■ **EXERCISE BRIEF**: Exclude the pictures and transcribe the rest of the data below exactly.

■ **Items from a dataset**:

>>>>>

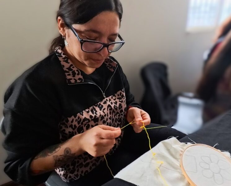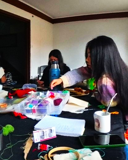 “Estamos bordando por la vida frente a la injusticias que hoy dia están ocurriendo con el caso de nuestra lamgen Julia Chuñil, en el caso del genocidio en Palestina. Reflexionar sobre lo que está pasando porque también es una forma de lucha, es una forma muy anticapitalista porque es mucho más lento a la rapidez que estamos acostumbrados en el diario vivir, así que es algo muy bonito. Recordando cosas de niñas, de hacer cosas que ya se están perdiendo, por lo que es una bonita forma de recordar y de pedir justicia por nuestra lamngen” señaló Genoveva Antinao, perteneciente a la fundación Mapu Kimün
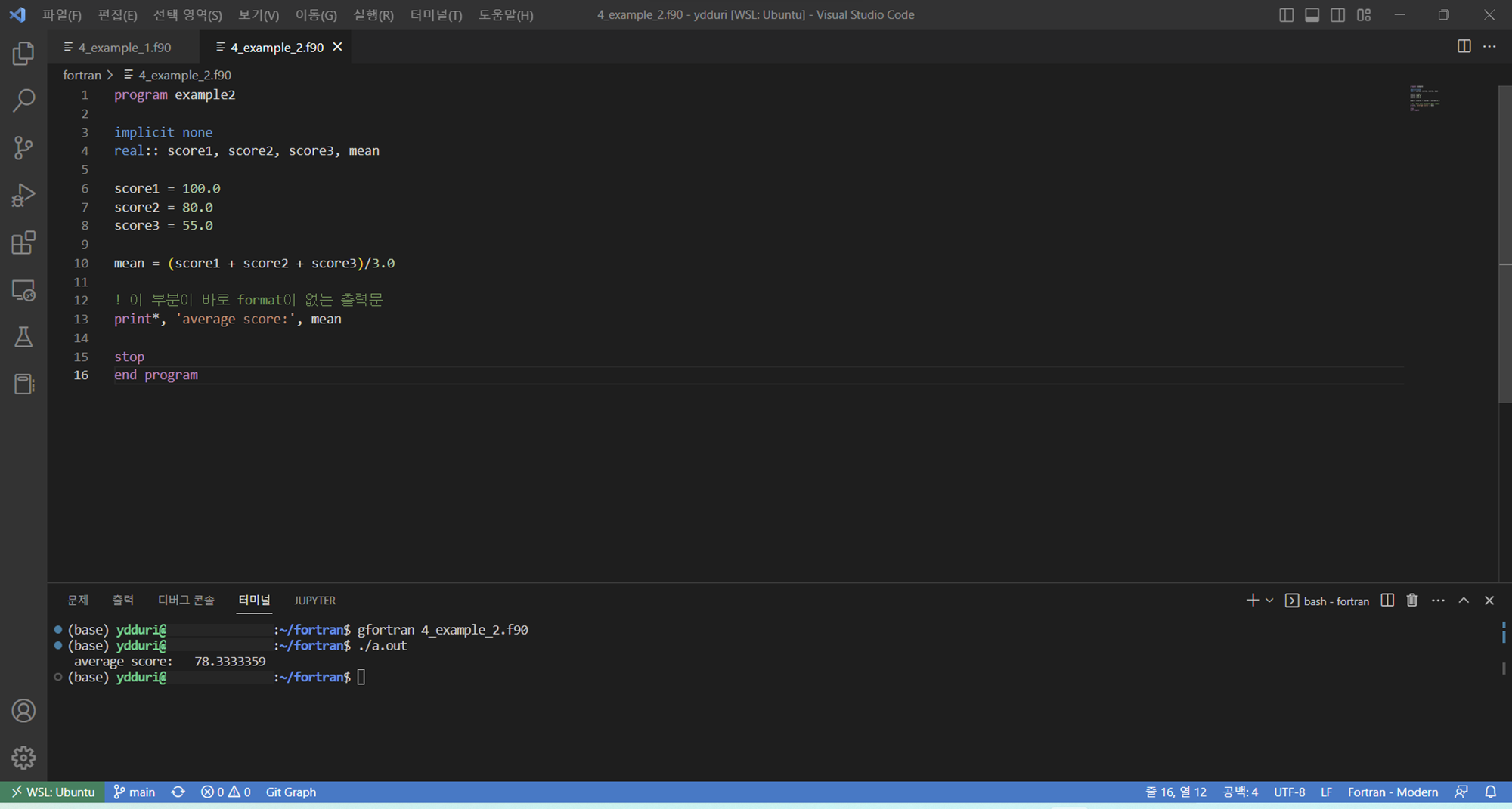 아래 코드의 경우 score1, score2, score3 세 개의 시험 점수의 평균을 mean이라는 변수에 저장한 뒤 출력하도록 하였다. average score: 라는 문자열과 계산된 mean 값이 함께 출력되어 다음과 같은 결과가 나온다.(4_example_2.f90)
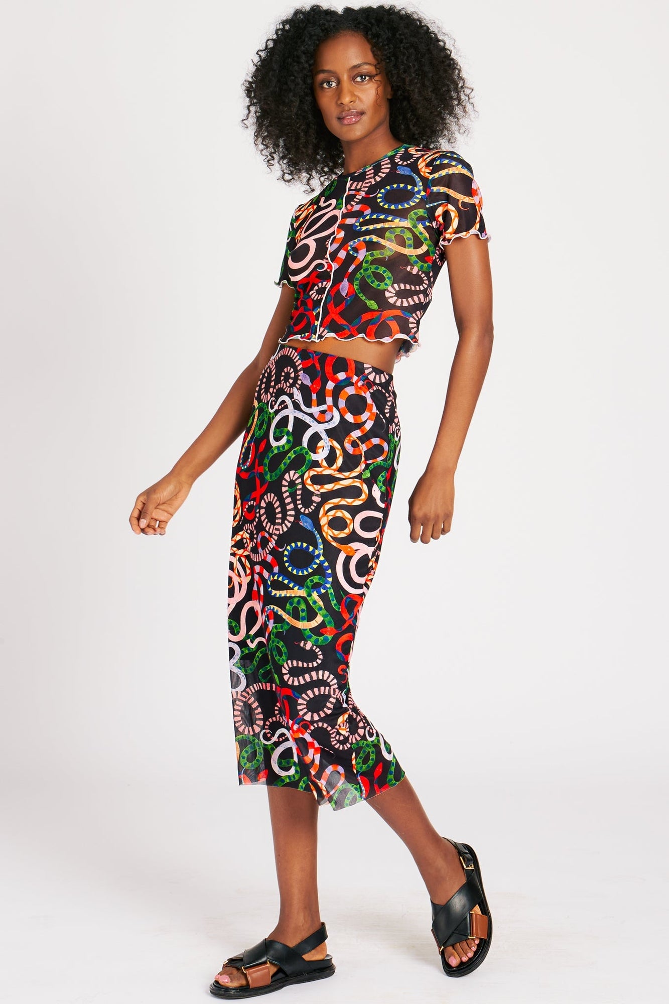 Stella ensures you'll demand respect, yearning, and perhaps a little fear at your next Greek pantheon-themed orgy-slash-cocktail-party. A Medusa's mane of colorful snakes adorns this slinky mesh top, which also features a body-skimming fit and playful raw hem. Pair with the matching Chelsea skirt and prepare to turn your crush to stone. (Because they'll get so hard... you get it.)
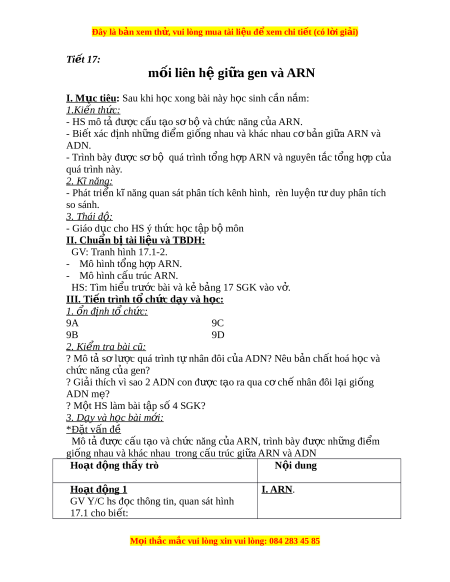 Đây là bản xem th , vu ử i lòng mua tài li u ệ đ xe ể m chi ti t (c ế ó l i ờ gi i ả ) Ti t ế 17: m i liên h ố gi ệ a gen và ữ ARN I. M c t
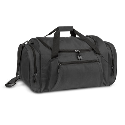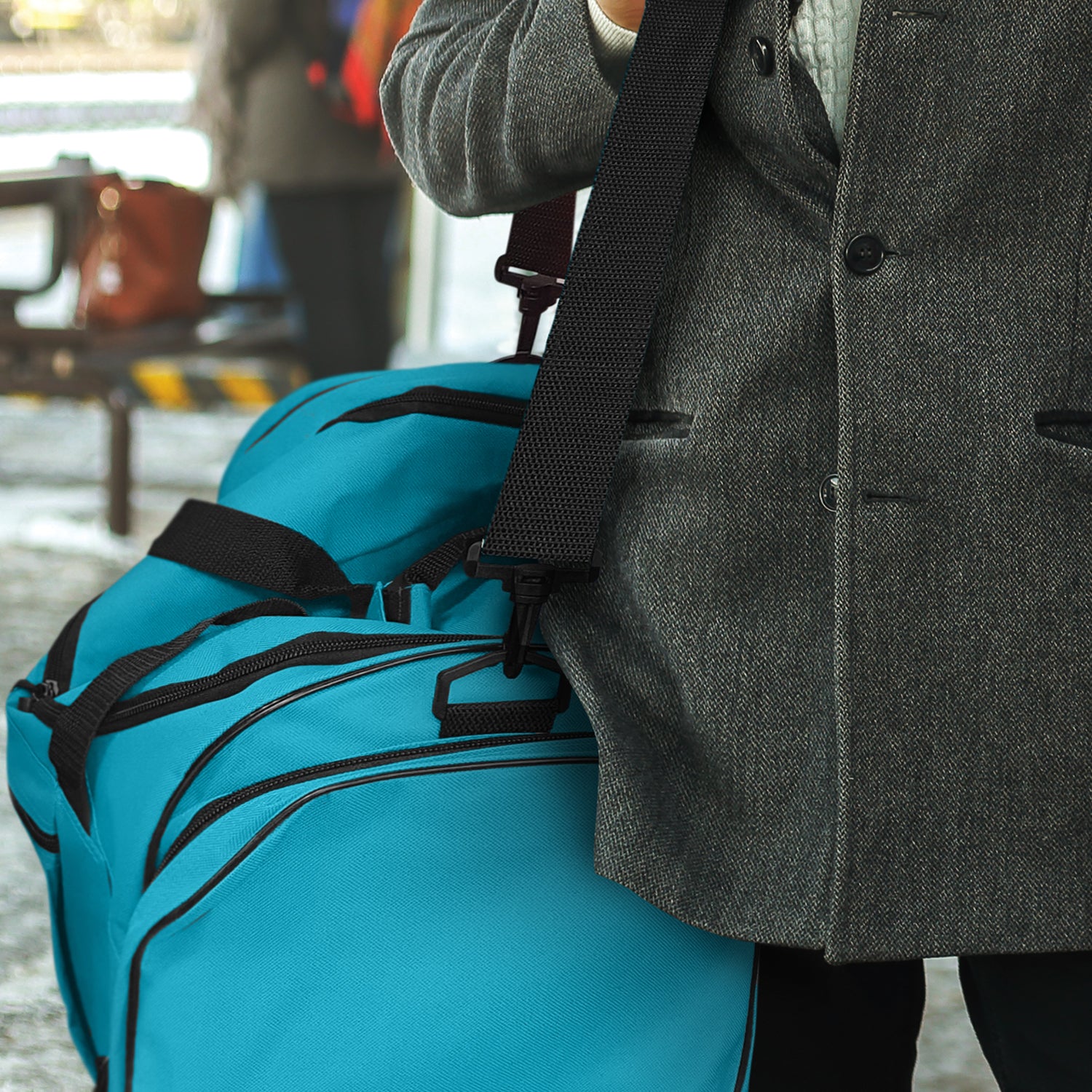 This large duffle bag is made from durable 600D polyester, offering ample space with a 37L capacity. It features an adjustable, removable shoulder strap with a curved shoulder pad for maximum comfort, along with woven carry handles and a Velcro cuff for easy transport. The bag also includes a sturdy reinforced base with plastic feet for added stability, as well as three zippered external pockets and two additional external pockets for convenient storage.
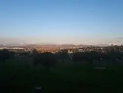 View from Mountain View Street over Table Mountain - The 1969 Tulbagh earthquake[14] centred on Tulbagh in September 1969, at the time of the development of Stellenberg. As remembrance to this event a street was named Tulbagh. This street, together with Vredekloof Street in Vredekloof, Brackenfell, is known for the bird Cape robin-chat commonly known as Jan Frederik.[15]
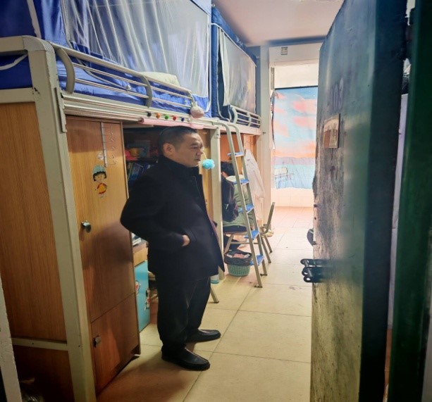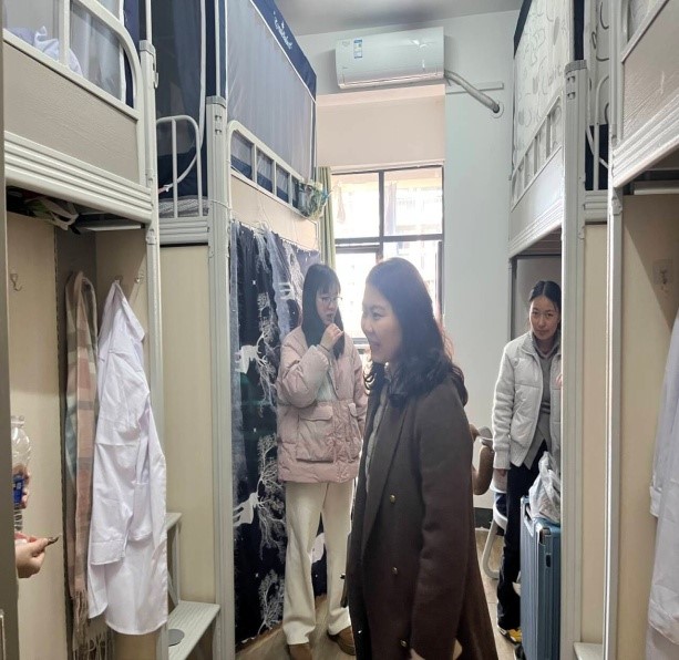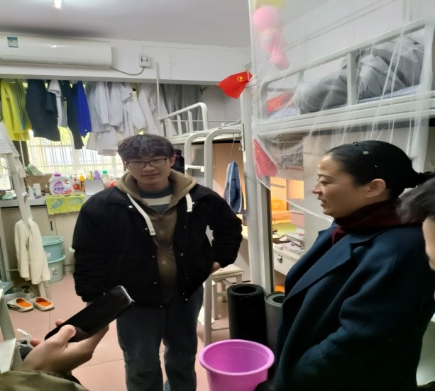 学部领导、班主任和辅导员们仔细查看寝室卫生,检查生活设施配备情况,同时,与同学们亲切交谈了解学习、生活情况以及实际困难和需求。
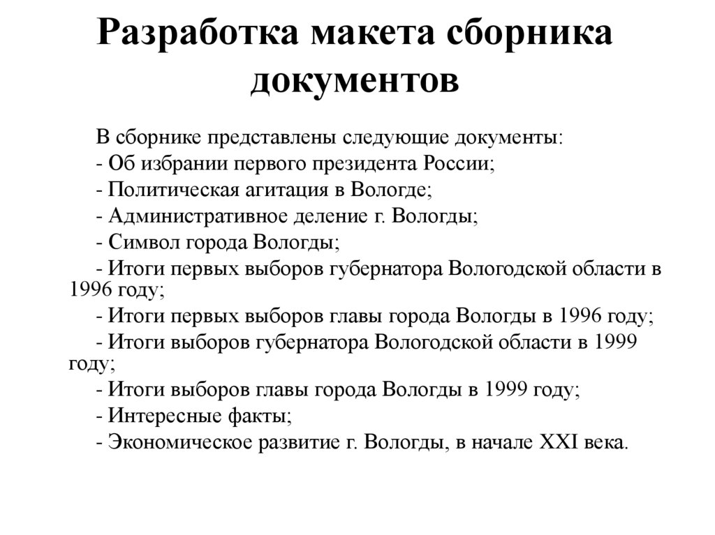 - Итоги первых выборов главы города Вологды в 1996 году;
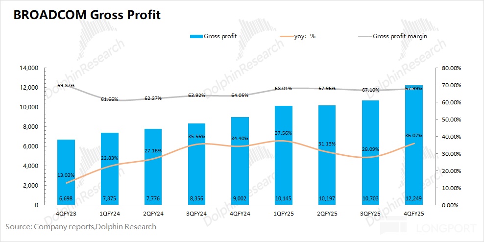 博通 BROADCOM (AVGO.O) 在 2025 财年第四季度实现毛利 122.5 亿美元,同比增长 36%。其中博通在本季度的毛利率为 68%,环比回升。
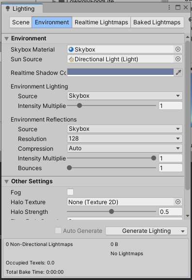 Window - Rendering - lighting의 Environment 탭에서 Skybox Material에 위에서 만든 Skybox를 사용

<<<<<

■ **RESULT**:
 “Estamos bordando por la vida frente a la injusticias que hoy dia están ocurriendo con el caso de nuestra lamgen Julia Chuñil, en el caso del genocidio en Palestina. Reflexionar sobre lo que está pasando porque también es una forma de lucha, es una forma muy anticapitalista porque es mucho más lento a la rapidez que estamos acostumbrados en el diario vivir, así que es algo muy bonito. Recordando cosas de niñas, de hacer cosas que ya se están perdiendo, por lo que es una bonita forma de recordar y de pedir justicia por nuestra lamngen” señaló Genoveva Antinao, perteneciente a la fundación Mapu Kimün
 아래 코드의 경우 score1, score2, score3 세 개의 시험 점수의 평균을 mean이라는 변수에 저장한 뒤 출력하도록 하였다. average score: 라는 문자열과 계산된 mean 값이 함께 출력되어 다음과 같은 결과가 나온다.(4_example_2.f90)
 Stella ensures you'll demand respect, yearning, and perhaps a little fear at your next Greek pantheon-themed orgy-slash-cocktail-party. A Medusa's mane of colorful snakes adorns this slinky mesh top, which also features a body-skimming fit and playful raw hem. Pair with the matching Chelsea skirt and prepare to turn your crush to stone. (Because they'll get so hard... you get it.)
 Đây là bản xem th , vu ử i lòng mua tài li u ệ đ xe ể m chi ti t (c ế ó l i ờ gi i ả ) Ti t ế 17: m i liên h ố gi ệ a gen và ữ ARN I. M c t
 This large duffle bag is made from durable 600D polyester, offering ample space with a 37L capacity. It features an adjustable, removable shoulder strap with a curved shoulder pad for maximum comfort, along with woven carry handles and a Velcro cuff for easy transport. The bag also includes a sturdy reinforced base with plastic feet for added stability, as well as three zippered external pockets and two additional external pockets for convenient storage.
 View from Mountain View Street over Table Mountain - The 1969 Tulbagh earthquake[14] centred on Tulbagh in September 1969, at the time of the development of Stellenberg. As remembrance to this event a street was named Tulbagh. This street, together with Vredekloof Street in Vredekloof, Brackenfell, is known for the bird Cape robin-chat commonly known as Jan Frederik.[15]
 学部领导、班主任和辅导员们仔细查看寝室卫生,检查生活设施配备情况,同时,与同学们亲切交谈了解学习、生活情况以及实际困难和需求。
 - Итоги первых выборов главы города Вологды в 1996 году;
 博通 BROADCOM (AVGO.O) 在 2025 财年第四季度实现毛利 122.5 亿美元,同比增长 36%。其中博通在本季度的毛利率为 68%,环比回升。
 Window - Rendering - lighting의 Environment 탭에서 Skybox Material에 위에서 만든 Skybox를 사용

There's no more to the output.